- Греховно… Конечно, греховно, - сказал Иисус. - Она сдает внаем свое тело, которое не что иное, как ходячий храм Господа, и побуждает мужчин использовать семя не для увеличения численности воинства Израилева, а всего лишь для их собственного удовольствия. Она зарабатывает на жизнь благодаря греху Онана. Это действительно очень греховно!
- Тем не менее ты улыбаешься.
- Мне понравилась эта девушка. Да, она не благочинна, но как раз благочиние я и ненавижу, а оно тем не менее не числится среди грехов. Перишайа и последователи праведного Садока - люди, конечно, очень благочинные и даже, по их собственному горделивому предположению, святые. Я же считаю, что грешники представляют больший интерес, чем праведники.
- Ты очень, очень странно говоришь.
- Если в будущем нам с тобой придется делать какую-то большую работу, именно к грешникам мы и должны идти. Пора бы нам начинать учиться тому, как впускать грешников в свое сердце. Грешники должны нравиться нам.
- Кому нравятся грешники - тому нравится и грех.
- Нет, вовсе нет! Это то же самое, что сказать: кто заботится о больных - тот заботится о болезнях. Позволь мне отказаться и от слова нравиться. Любить - вот нужное слово.
Как-то раз, гуляя днем поблизости от холма, который своими очертаниями был похож на человеческий череп и на вершине которого происходили казни, Иоанн с Иисусом стали свидетелями сцены, о которой предпочли бы даже не слышать. На их глазах происходило бичевание двух вопящих мужчин, приговоренных к распятию. "Это воры", - поведал друзьям дородный торговец, довольный тем, что мог наблюдать, как вершится правосудие.
Дрожа от ярости, Иисус сказал Иоанну:
- В Законе Моисеевом сказано: "Не кради", но я скорее предпочел бы, чтобы меня обокрали, и сказал бы преступнику "Аминь!", нежели допустил бы, чтобы вора полосовали кнутом и прибивали гвоздями. "Не крадите". А почему, собственно? А потому, что иначе тебя распнут. Взгляни на всех на них, взгляни на их самодовольную благочинность, облаченную в безупречно отстиранные одежды!

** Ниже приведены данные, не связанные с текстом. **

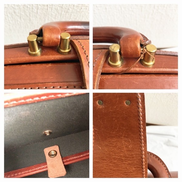 ロイドフットウェアの展開するロイズラゲージのダレスバッグを出品します。 人気のダレスバッグになります。 表示がないので断言保証致しかねますが、恐らくブライドルレザー系の素材を丁寧に仕立てています。 今や入手困難な品ですので、この機会にいかがでしょうか。 ファスナー部分がカラフルになっていてさりげなくお洒落です。 この機会にいかがでしょうか。 状態は表面・内張り・金具共に使用に伴う摺れ汚れ、傷、汚れ、また角摺れ等に加え 金具縁中心に青緑(錆)、表面の薄傷や汚れ、フラップ部分中心に色褪せや皺、持ち手の黒ズミ等ございます(写真参照)が、 破れなど使用に支障の出るダメージもなく、10段階中6.5程でしょうか。 経年から考えるとかなり良い状態かと思います。 ただユーズドで見落としもあるかもしれません。 写真でご確認の上以上承知してご入札下さい。 細かい点が気になる方はもういちど良くご考慮なさってご入札下さい。 |
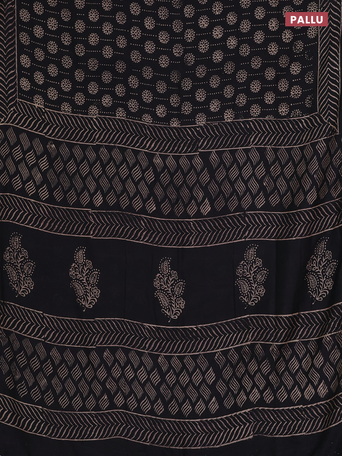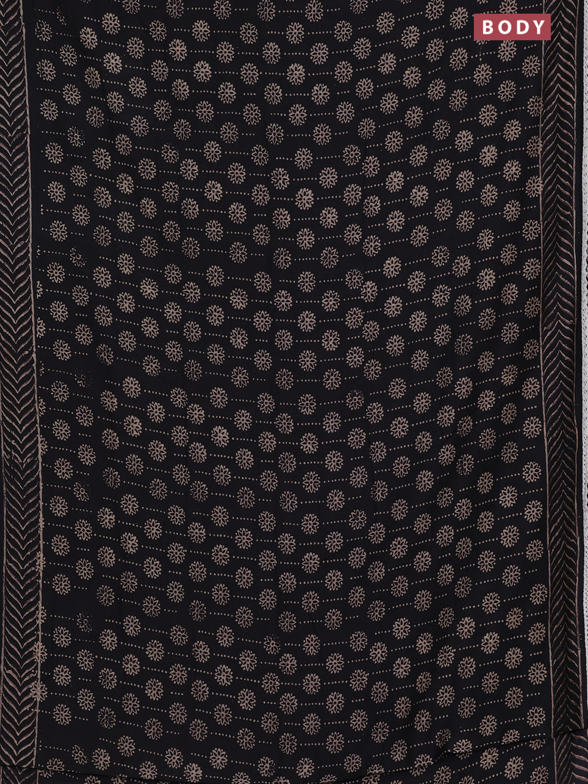 Semi pashmina silk saree black and cream with allover prints and crocia lace work border

Эти громкие слова привлекли внимание многих зевак, которые с любопытством обернулись и увидели высокого мальчика.
- Пойдем отсюда, - сказал Иоанн.
Дрожавшему от гнева Иисусу и самому хотелось поскорее покинуть это страшное место.
Когда пасхальные торжества закончились и пилигримам пришло время покинуть Иерусалим, Мария и Иосиф попытались найти своего сына, но их поиски были безуспешны.

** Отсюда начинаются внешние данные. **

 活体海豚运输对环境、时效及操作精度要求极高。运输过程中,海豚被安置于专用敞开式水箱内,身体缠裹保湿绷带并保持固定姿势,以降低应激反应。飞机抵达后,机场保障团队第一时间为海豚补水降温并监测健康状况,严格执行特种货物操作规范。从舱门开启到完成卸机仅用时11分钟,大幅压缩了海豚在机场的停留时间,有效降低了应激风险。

- Он где-то среди молодежи, - сказал хозяин каравана, неопределенно указав на середину готовившейся в путь вереницы верблюдов, ослов и пешего люда. - Они там распевают новые иерусалимские песенки и пиликают на двухструнных скрипках. Ваш сын наверняка среди них.
Но Иисуса там не оказалось.
- Подождите нас, - попросил Иосиф, - нам нужно поискать его.

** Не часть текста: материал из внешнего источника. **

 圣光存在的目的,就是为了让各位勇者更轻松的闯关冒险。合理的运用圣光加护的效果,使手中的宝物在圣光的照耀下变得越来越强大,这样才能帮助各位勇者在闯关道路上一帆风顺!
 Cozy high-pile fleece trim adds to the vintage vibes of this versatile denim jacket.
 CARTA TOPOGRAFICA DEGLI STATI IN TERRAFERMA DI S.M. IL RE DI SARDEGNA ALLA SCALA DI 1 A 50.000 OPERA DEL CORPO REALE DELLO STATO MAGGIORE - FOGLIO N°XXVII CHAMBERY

- Когда солнце коснется верхнего края вон той башни, мы отъезжаем. Никого ждать не будем, - предупредил хозяин каравана.
Мария и Иосиф, очень обеспокоенные, пошли искать Иисуса. Повсюду воры, драчливые сирийские солдаты, разные опасности…
А в это время Иисус в одиночестве отправился в Храм, зная, что тишину его теперь не нарушают ни звон монет, ни хлопание голубиных крыльев, ни блеяние ягнят - все то, что обычно сопровождает возложения даров и жертвоприношения. В переднем дворе он был не один: с башни наблюдали стражники, вооруженные копьями, - так было заведено с того самого дня, когда изображение Тиверия едва не попало в Святая святых. Иисус стер с глаз маячившие на башне фигуры, не пустил в уши грубоватые шутки на плохом арамейском, вроде: "Немного запоздал, йелед, а?" Он стоял посреди переднего двора, ощущая присутствие Бога в невидимом луче, протянувшемся к нему от алтаря, более жарком, чем солнце над головой. Можно было подумать, что он находится в состоянии транса.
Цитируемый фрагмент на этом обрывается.